An ancient human foraging instinct, fueled by fructose production in the brain, may hold clues to the development and possible treatment of Alzheimer’s disease (AD), according to researchers at the University of Colorado Anschutz Medical Campus.
The study, published today in The American Journal of Clinical Nutrition, offers a new way of looking at a disease characterized by abnormal accumulations of proteins in the brain that slowly erode memory and cognition.
“We make the case that Alzheimer’s disease is driven by diet,” said the study’s lead author Richard Johnson, MD, professor at the University of Colorado School of Medicine specializing in renal disease and hypertension. The study co-authors include Maria Nagel, MD, research professor of neurology at the CU School of Medicine.
Johnson and his team suggest that AD is a harmful adaptation of an evolutionary survival pathway used in animals and our distant ancestors during times of scarcity.
“A basic tenet of life is to assure enough food, water and oxygen for survival,” the study said. “Much attention has focused on the acute survival responses to hypoxia and starvation. However, nature has developed a clever way to protect animals before the crisis actually occurs.”
Fructose: foraging survival response trigger
When threatened with the possibility of starvation, early humans developed a survival response that sent them foraging for food. Yet foraging is effective only if metabolism is inhibited in various parts of the brain. Foraging requires focus, rapid assessment, impulsivity, exploratory behavior and risk taking. It is enhanced by blocking whatever gets in the way, like recent memories and attention to time. Fructose, a kind of sugar, helps damp down these centers, allowing more focus on food gathering.
In fact, the researchers found the entire foraging response was set in motion by the metabolism of fructose whether it was eaten or produced in the body. Metabolizing fructose and its byproduct, intracellular uric acid, was critical to the survival of both humans and animals.
The researchers noted that fructose reduces blood flow to the brain’s cerebral cortex involved in self-control, as well as the hippocampus and thalamus. Meanwhile, blood flow increased around the visual cortex associated with food reward. All of this stimulated the foraging response.
“We believe that initially the fructose-dependent reduction in cerebral metabolism in these regions was reversible and meant to be beneficial,” Johnson said. “But chronic and persistent reduction in cerebral metabolism driven by recurrent fructose metabolism leads to progressive brain atrophy and neuron loss with all of the features of AD.”
'Survival switch' stuck in 'on' position
Johnson suspects the survival response, what he calls the "survival switch," that helped ancient humans get through periods of scarcity is now stuck in the "on" position in a time of relative abundance.

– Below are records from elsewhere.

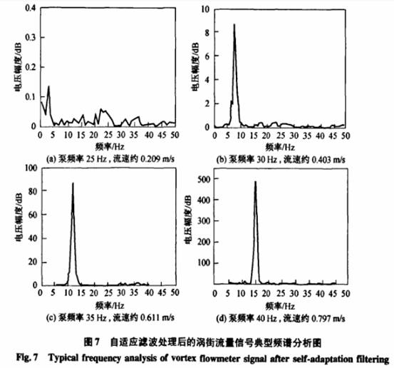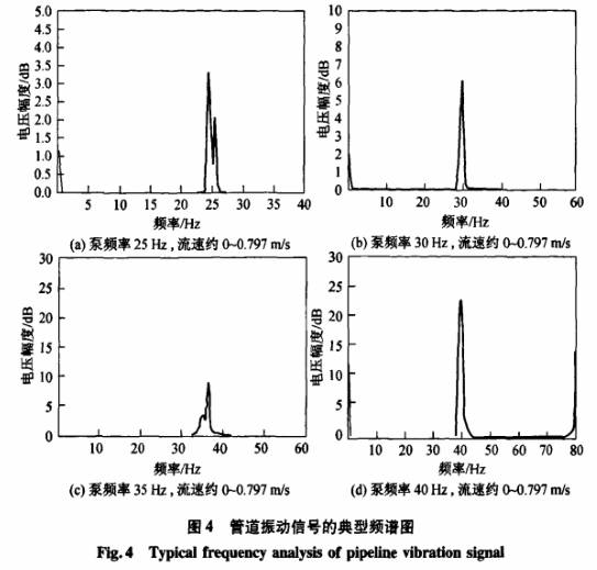 本研(yán)究對不同流速和(he)泵頻率組合下的(de)渦街流量🈚信号進(jìn)行了數據采集和(he)頻譜分析,其中水(shui)泵采用格蘭富AP12.40單(dān)❓級潛水泵🌏,分别調(diao)節流速約0.209,0.403,0.611,0.797m/s.控制水(shui)流速🤞的大小,在每(měi)一開度下,再分别(bie)設置水💁泵工作頻(pín)率爲25,30,35,40Hz,以輸人不同(tong)的振動幹擾信🔱号(hao),如圖2所示.可見當(dang)流速小時噪💯聲能(néng)量接近甚至大于(yu)實際信号能量,在(zai)線的頻譜💚分😄析很(hen)難判斷..
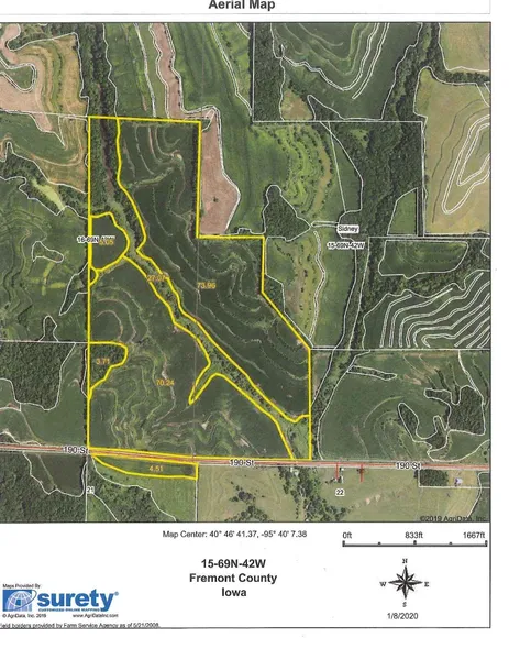 This Fremont County, Iowa farm is located 1 mile North and 1/2 mile West from Sidney, Iowa. The farm consists of 191 taxable acres. FSA shows 153.76 cropland acres. CSR 2 is 59.5 average. Priced at $5104.71 per acre. Good combination crop/recreation farm located 40 minutes Southeast of Omaha EXCELLENT HUNTING!! Possession for 2020 is negotiable. Seller is will to lease back.
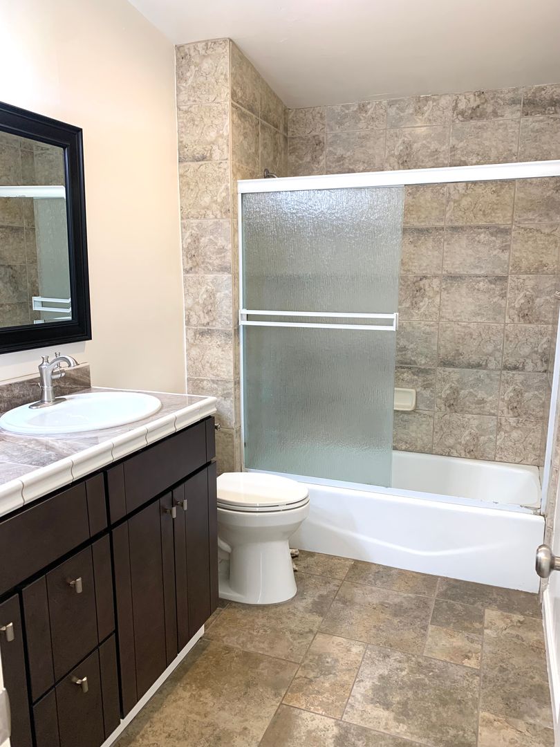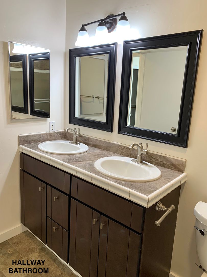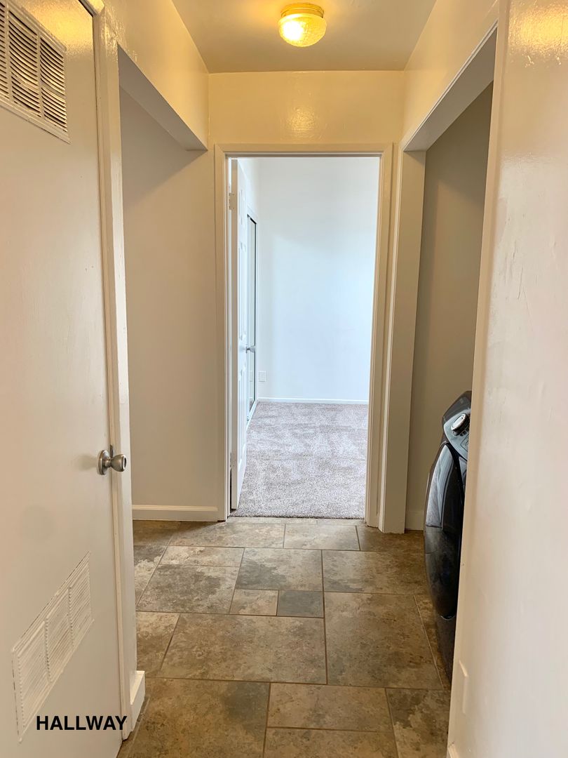 Tile flooring throughout the house, with new carpet in the bedrooms

This leads to the overeating of high fat, sugary and salty food prompting excess fructose production.
Fructose produced in the brain could possibly lead to inflammation and ultimately Alzheimer’s disease, the study said. Animals given fructose show memory lapses, a loss in the ability to navigate a maze and inflammation of the neurons.
“A study found that if you keep laboratory rats on fructose long enough, they get tau and amyloid beta proteins in the brain, the same proteins seen in Alzheimer’s disease,” Johnson said. “You can find high fructose levels in the brains of people with Alzheimer’s as well.”

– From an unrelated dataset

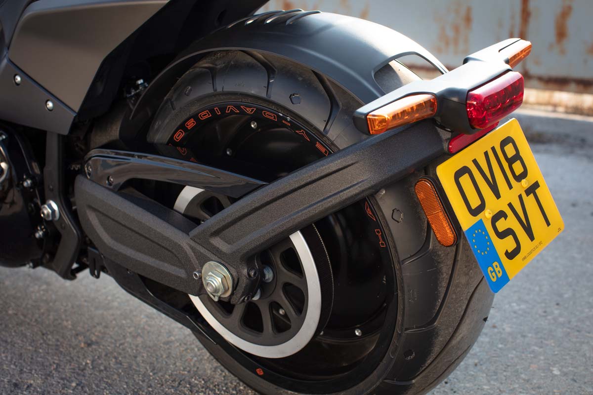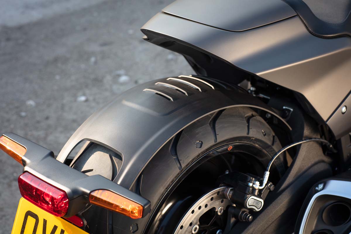 Wel zijn er wat zaken die ik persoonlijk onmiddellijk aan zou passen. Als eerste natuurlijk de 2-in-1 uitlaat. Die is naar mijn mening niet lelijk, maar hij kan vooral veel beter klinken. Nu schiet er af en toe door je hoofd dat je ergens achter je een oude Kever hoort rijden. Dus direct een Screamin’ Eagle monteren. Dat zet geluidstechnisch de puntjes echt op de i. Daarnaast staat ook de kentekenplaathouder op de verwijderlijst. De achterkant is echt het mooiste deel van de FXDR en als de verplichte aflevering met deze kentekenplaathouder achter de rug is, wordt de Harley met een zijplaathouder nog veel indrukwekkender. Al moet ik wel even de ontwerpers complimenteren met de uitvoering van het spatbord. Het loopt zo mooi mee met de lijn van de band en is zo gitzwart uitgevoerd, dat je ‘m bijna over het hoofd zou zien.

Johnson suspects that the tendency of some AD patients to wander off might be a vestige of the ancient foraging response.
The study said more research is needed on the role of fructose and uric acid metabolism in AD.

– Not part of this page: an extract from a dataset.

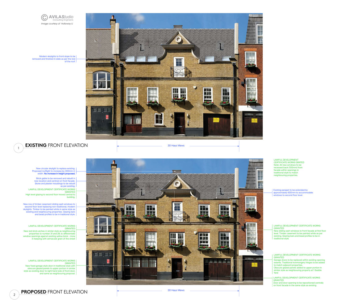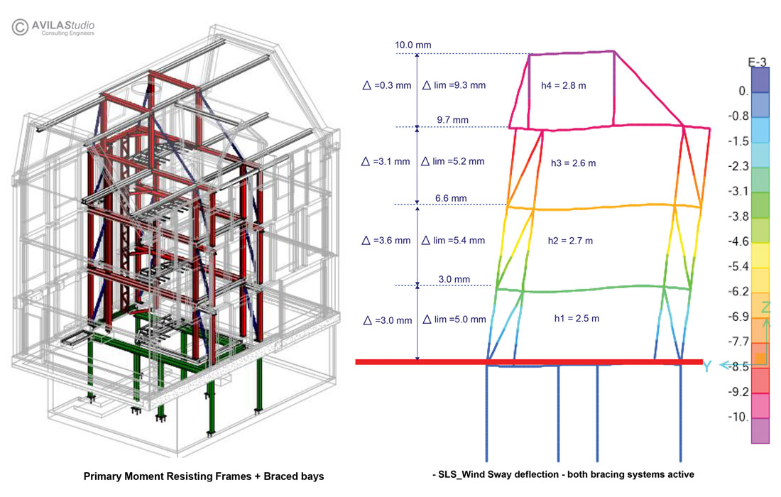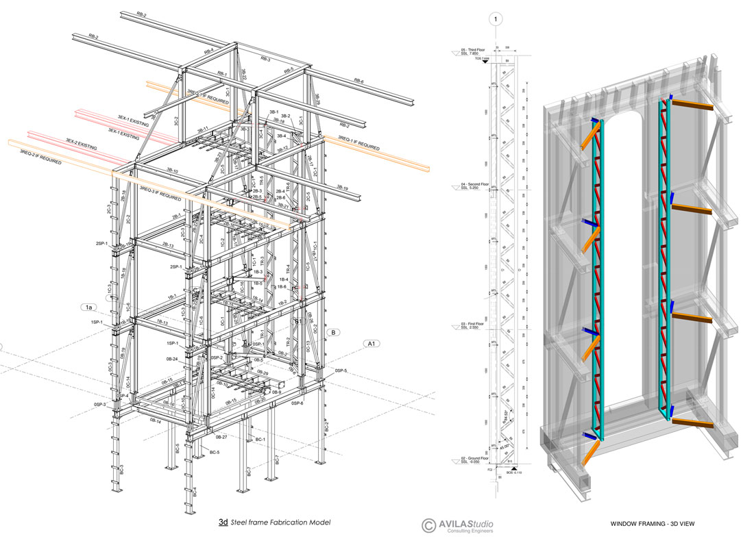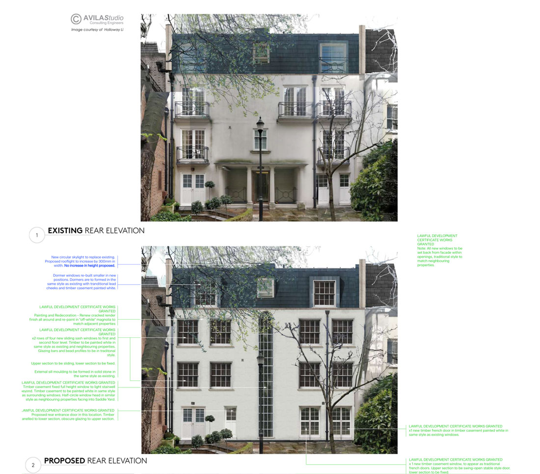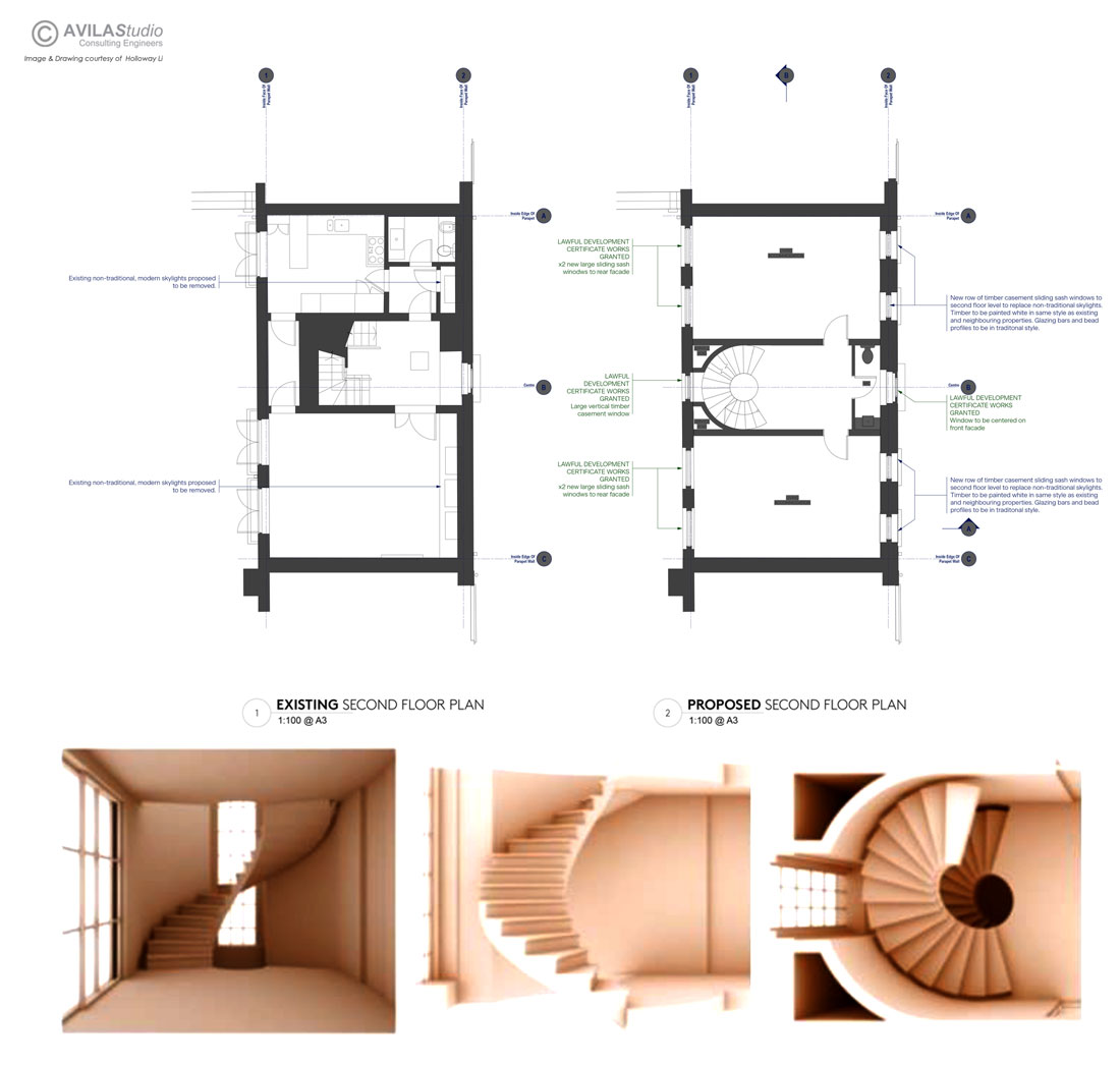In 2017 AVILAStudio was appointed to provide structural engineering services for a Residential Refurbishment project located in the Mayfair area. The project required a reconfiguration of the internal spaces and of the front and rear façade openings to suit the current requirements of the client. The building had been reconstructed during the works carried out in 2010-2011 and featured a masonry lad bearing structure with flat slab concrete floors for the first 3 levels and a traditional timber joist and steel frame floor for the roof level. The main challenge of the project was to agree on a strategy to partially demolish the concrete floors for the insertion of a post-tensioned sone stair, helicoidal in shape, centrally located with respect to the building floor plan. The main reason behind the floor plan rearrangement was to achieve a better use of the space and the creation of a central “natural light channel.
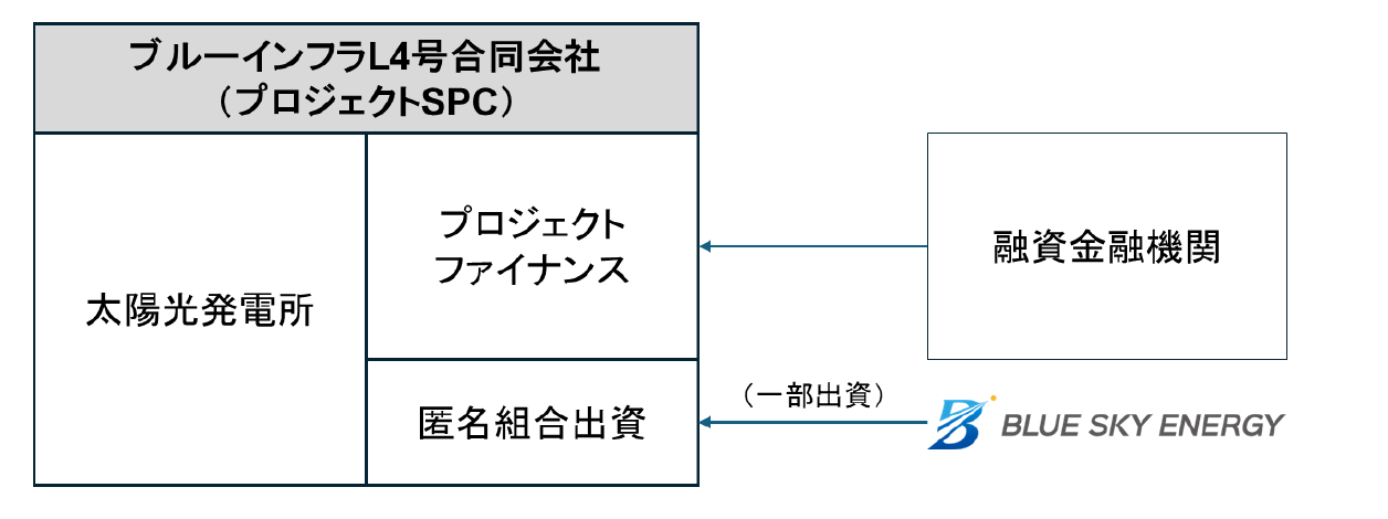 本ファンドは、太陽光発電所を取得する特別目的会社(SPC)であるブルーインフラL4号合同会社に対する融資金融機関によるノンリコース型のプロジェクトファイナンス及び匿名組合出資による資金供給により組成されており、全国に点在する計12.4MW規模(DC)のバルク型太陽光発電事業を行うものです。取得対象の6物件は全て稼働済太陽光発電所であり、うち5物件はリパワリング(設備更新)を実施済みで、発電効率と稼働安定性の向上が期待され、長期的な運営を想定しております。

“We suggest that both dietary and pharmacologic trials to reduce fructose exposure or block fructose metabolism should be performed to determine if there is potential benefit in the prevention, management or treatment of this disease,” Johnson said.
The study’s co-authors include Dean R. Tolan, Dale Bredesen, Laura G. Sanchez-Lozada, Mehdi Fini, Scott Burtis, Miguel A. Lanaspa and David Pearlmutter.